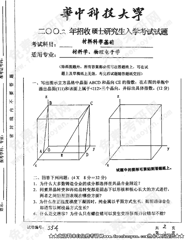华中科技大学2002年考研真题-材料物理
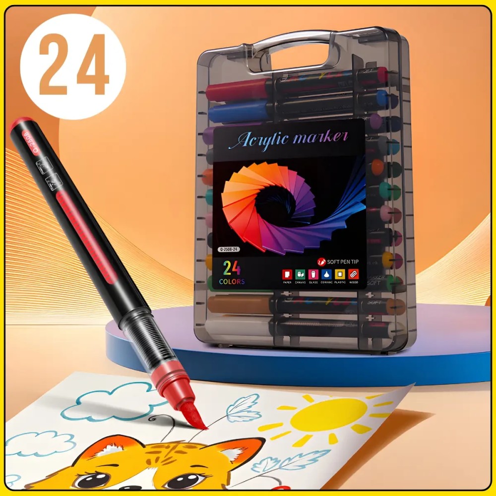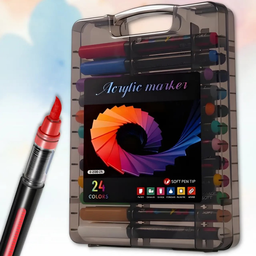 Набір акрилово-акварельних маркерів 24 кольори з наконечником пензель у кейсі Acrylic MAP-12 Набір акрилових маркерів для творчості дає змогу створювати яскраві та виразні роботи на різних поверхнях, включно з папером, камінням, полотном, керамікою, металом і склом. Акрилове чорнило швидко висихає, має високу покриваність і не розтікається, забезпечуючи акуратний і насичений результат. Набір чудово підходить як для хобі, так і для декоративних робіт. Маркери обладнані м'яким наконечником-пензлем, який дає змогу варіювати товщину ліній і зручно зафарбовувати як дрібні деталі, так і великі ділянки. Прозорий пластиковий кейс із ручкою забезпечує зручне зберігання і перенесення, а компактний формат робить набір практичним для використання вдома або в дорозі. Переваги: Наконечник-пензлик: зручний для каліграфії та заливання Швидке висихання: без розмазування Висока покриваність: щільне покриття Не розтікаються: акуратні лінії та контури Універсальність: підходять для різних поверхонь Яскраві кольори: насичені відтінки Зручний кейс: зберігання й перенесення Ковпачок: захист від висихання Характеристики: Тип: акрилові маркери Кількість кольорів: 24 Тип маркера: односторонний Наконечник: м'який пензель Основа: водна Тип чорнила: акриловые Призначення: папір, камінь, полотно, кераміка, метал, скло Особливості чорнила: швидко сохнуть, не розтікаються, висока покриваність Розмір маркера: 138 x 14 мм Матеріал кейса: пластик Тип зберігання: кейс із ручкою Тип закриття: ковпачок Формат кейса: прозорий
++++++++++
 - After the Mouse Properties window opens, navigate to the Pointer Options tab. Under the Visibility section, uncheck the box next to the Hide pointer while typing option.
++++++++++
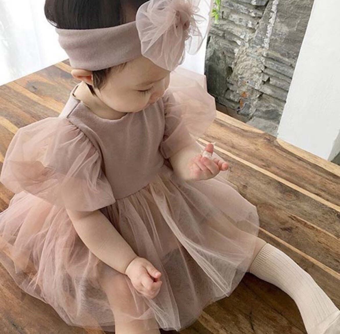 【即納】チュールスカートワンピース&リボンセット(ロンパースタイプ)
++++++++++
Work required: Among the entries above, find the line with "华中科技大学2002年考研真题-材料物理" and repeat exactly from there through the line with "Набір акрилово-акварельних маркерів", leaving out the pictures.

Result of the exercise:
华中科技大学2002年考研真题-材料物理
 Набір акрилово-акварельних маркерів 24 кольори з наконечником пензель у кейсі Acrylic MAP-12 Набір акрилових маркерів для творчості дає змогу створювати яскраві та виразні роботи на різних поверхнях, включно з папером, камінням, полотном, керамікою, металом і склом. Акрилове чорнило швидко висихає, має високу покриваність і не розтікається, забезпечуючи акуратний і насичений результат. Набір чудово підходить як для хобі, так і для декоративних робіт. Маркери обладнані м'яким наконечником-пензлем, який дає змогу варіювати товщину ліній і зручно зафарбовувати як дрібні деталі, так і великі ділянки. Прозорий пластиковий кейс із ручкою забезпечує зручне зберігання і перенесення, а компактний формат робить набір практичним для використання вдома або в дорозі. Переваги: Наконечник-пензлик: зручний для каліграфії та заливання Швидке висихання: без розмазування Висока покриваність: щільне покриття Не розтікаються: акуратні лінії та контури Універсальність: підходять для різних поверхонь Яскраві кольори: насичені відтінки Зручний кейс: зберігання й перенесення Ковпачок: захист від висихання Характеристики: Тип: акрилові маркери Кількість кольорів: 24 Тип маркера: односторонний Наконечник: м'який пензель Основа: водна Тип чорнила: акриловые Призначення: папір, камінь, полотно, кераміка, метал, скло Особливості чорнила: швидко сохнуть, не розтікаються, висока покриваність Розмір маркера: 138 x 14 мм Матеріал кейса: пластик Тип зберігання: кейс із ручкою Тип закриття: ковпачок Формат кейса: прозорий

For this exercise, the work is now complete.